Dr. Raphael Pollock welcomes the next generation of sarcoma specialists

Dr. Raphael Pollock
Sarcoma Alliance volunteer Kalyse Engebretson interviewed Raphael Pollock, MD, PhD, a sarcoma surgeon and director of the Ohio State University Comprehensive Cancer Center in Columbus. 

What does a typical day look like for you? 

Many mornings I have a 6 a.m. or a 6:30 a.m. administrative meeting, followed by scheduled meetings, conference calls, one-on-one appointments and finishing typically with a work-related dinner probably three out of five nights because my role right now is I’m the director of the Ohio State University Comprehensive Cancer Center. I have a budget of $120 million, more than 300 faculty and 4,000 employees, and approximately 2 million square feet of research and clinical space that I am responsible to administer. I do it with a very large group of other people. They are extremely competent in what they do as an administrative team. But the bulk of my energies now are focusing on that responsibility.
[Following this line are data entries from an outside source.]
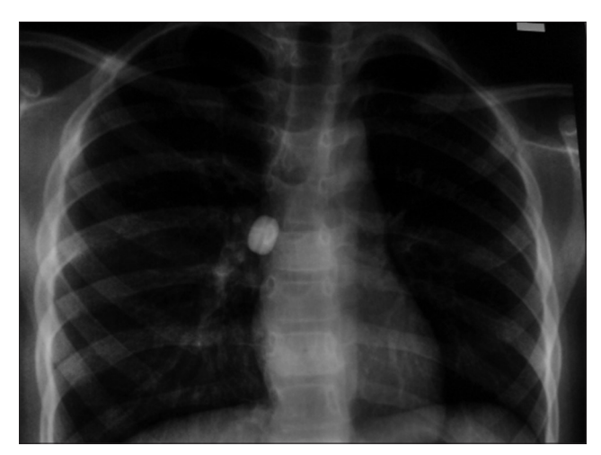
Figure 1: X-ray of the chest shows foreign body in right bronchus.
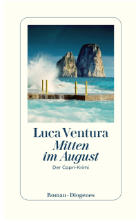
In the Middle of August 336 pages 2020
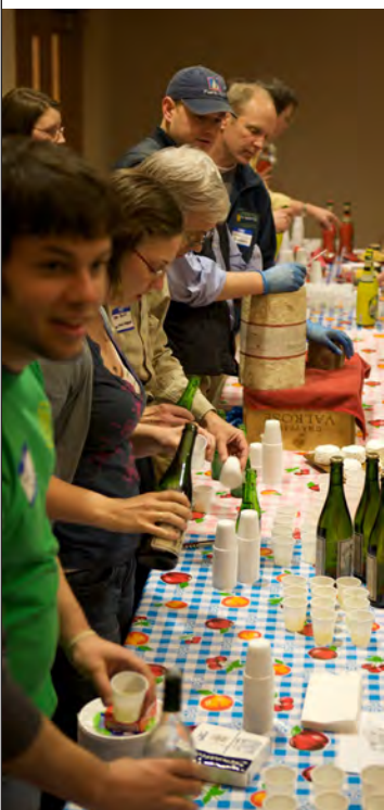
Above: A cider and cheese tasting in Madison, WI

These are not the only trends favoring a renaissance for heirloom apples in many regions of North America. Interest in organic, artisanal, hand-crafted and place-based heritage foods has never been higher. Sales of organic fruits, for example, have been growing by an estimated 12 percent per year! Heirloom apple growers can build on these interests. Chefs are willing to help them match the right apple with a specific use for which it is unsurpassed. For years, orchard keepers of diverse apples didn't get much respect. Perhaps their time has come again.
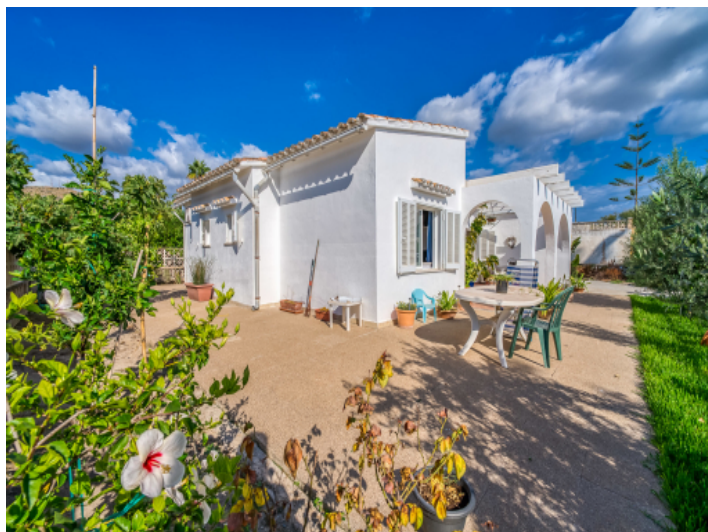
Large terrace surrounds the house
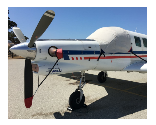
Pacific Aerospace 750XL Cockpit Cover, Prop Tie/Exhaust Covers

The material is very reflective, and tests show that the cabin interior temperature can be reduced to near-ambient temperature on the hottest of days. It is water, ice and snow repellent, yet breathable to allow moisture to escape from between the cover and the aircraft surface.
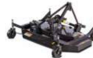
3 pt. finish mower
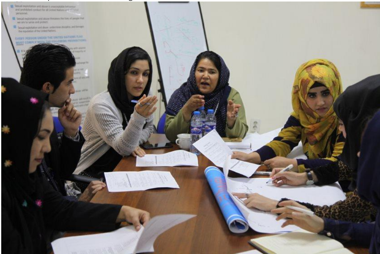
UN-backed forum on women's inclusion and participation in peace discussions in Mazar-e-Sharif, Afghanistan.

conceptual clarity to foster a common understanding of local mediation processes across the UN seems essential. There is also a need to develop a set of considerations or criteria that can help UN actors better assess the nature, risks and political significance of local mediation processes, as well as the prospects of pursuing linkages with high-level mediation efforts as part of broader peace process design deliberations.
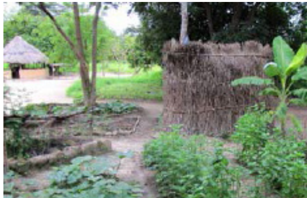
6.4_ Example of a diver's garden that serves as a food source, (Mayes, 2013: 13)
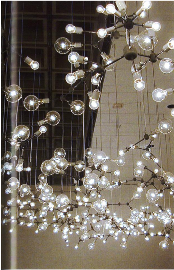
Night Sky (Over the Painted Desert, Arizona, January 11, 2004)

“Spencer makes these very beautiful attempts to capture something that seems miraculous, while acknowledging that it’s impossible,” Cross says. “But he has that same ambition to reach the sun.”
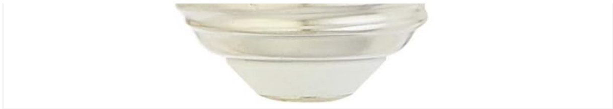
Figure 2: A close-up view of a single Amazon Basics A19 Red LED Light Bulb, highlighting its E26 base.
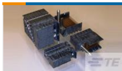
TE Part # 2132561-1 IMP100O,HMP,V3P6C,LG,OEW39,4,9
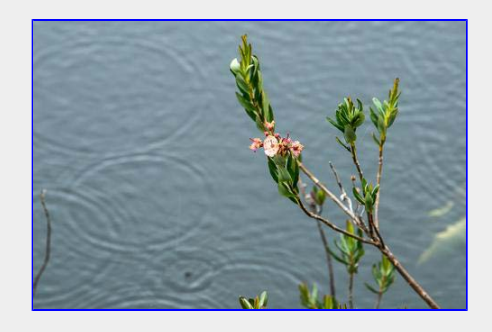
Kalmia flower at Kalmia Lake
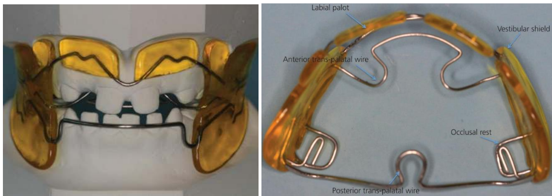
Figure 1.10: Frankel functional regulator 3

This is probably the most easily recognized and commonly used functional appliance for Class III correction. It is a soft tissue–borne appliance that consists of a wire framework to which are attached acrylic pads and shields designed to displace the soft tissues and muscles that restrict maxillary development. The vestibular shields in the FR3 appliance (Figure 1.10), as with the FR2, are positioned buccally, extending from the depth of the sulci to displace the force of the buccinators and the perioral muscles away from the dentition. The labial pads are situated in the upper labial vestibule above the teeth and extended to remove the force of the upper lip from the maxilla.
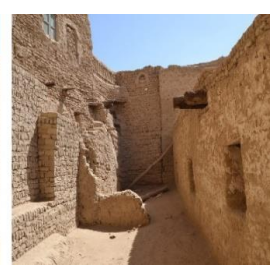
Fig. 20. Project of the restoration of the village using the same building materials and mud brick with popular participation.
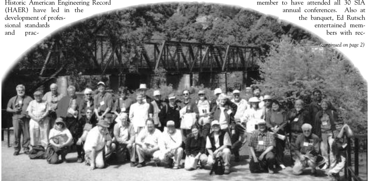
Tour group at "The Point" in Harpers Ferry with B&O RR bridges in the background.
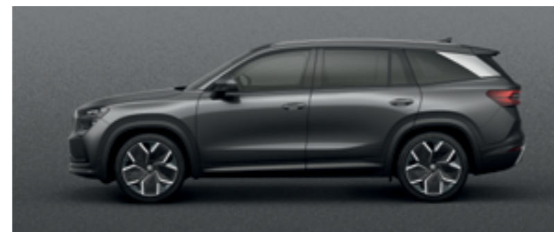
Graphite Grey metallic
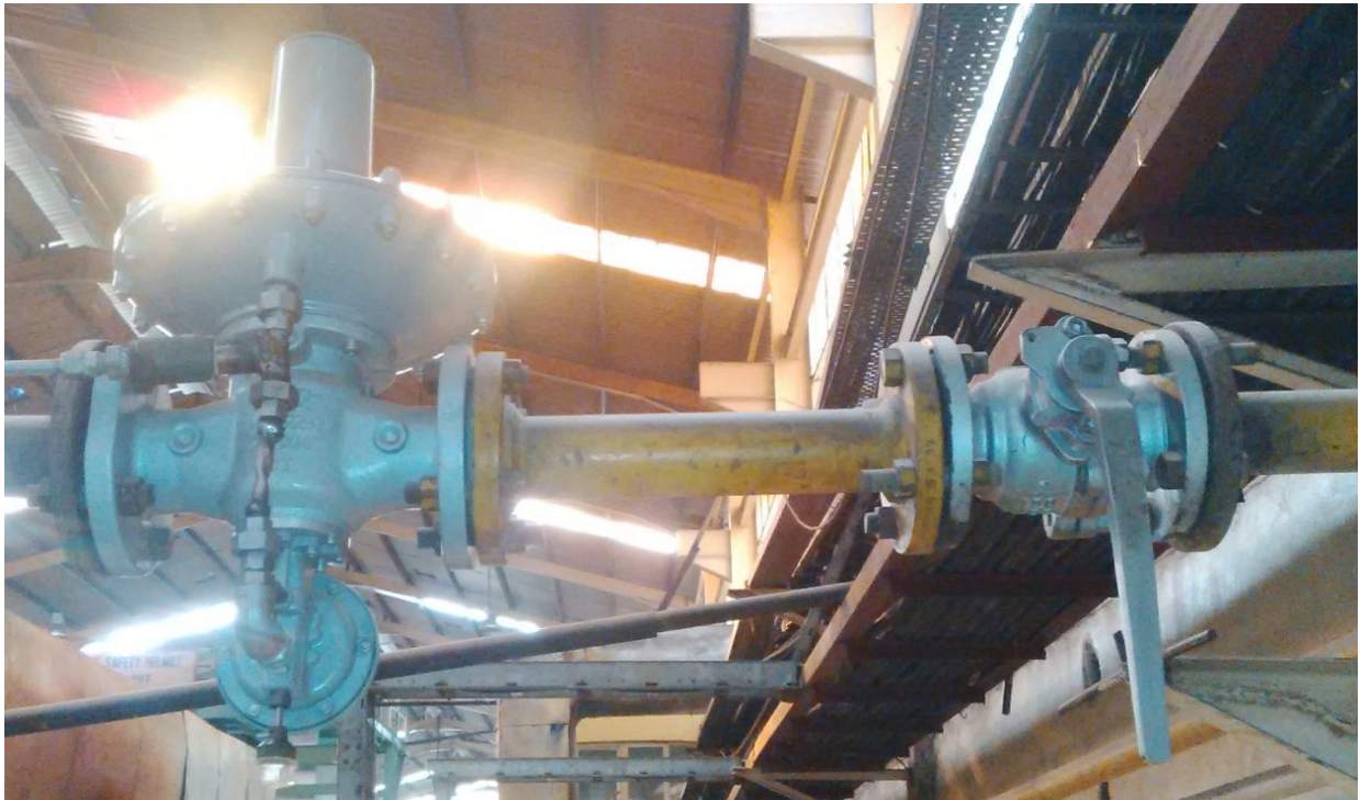
Figure 1: Gas train

Gas train is a combination of electrical components in a gas line pipe that regulates, controls the flow of gas into the burner of the oven. This comprises many components such as pressure switches, gas regulators, filters, solenoid valves etc. all these components work together to regulate oven temperature and provide safety. Figure 1 shows the component of gas train.

However, I still have time for a very small clinical practice and laboratory research practice -- both of which focus on sarcoma as they have for the past three decades.

How many patients do you have in general?

I have a very large practice but I no longer do this myself because of my other demands. We have asked two other surgeons to become my partners, Dr. Valerie Grignol and Dr. Joal Beane, both surgical oncology fellowship-trained practitioners, both of whom have research interests in the disease as well. So we have an integrated practice. Overall the practice is probably caring for upwards of several thousand sarcoma patients. ... The last time we looked about a year ago, we’re seeing about 400 sarcoma patients a year between the Wexner patient center and the Nationwide Children’s center.

Do your patients come from all over the U.S. then?

All over the U.S. and worldwide. It’s very gratifying to be able to reach so many people from so many places.

What do you find most interesting and/or enjoyable about your job? 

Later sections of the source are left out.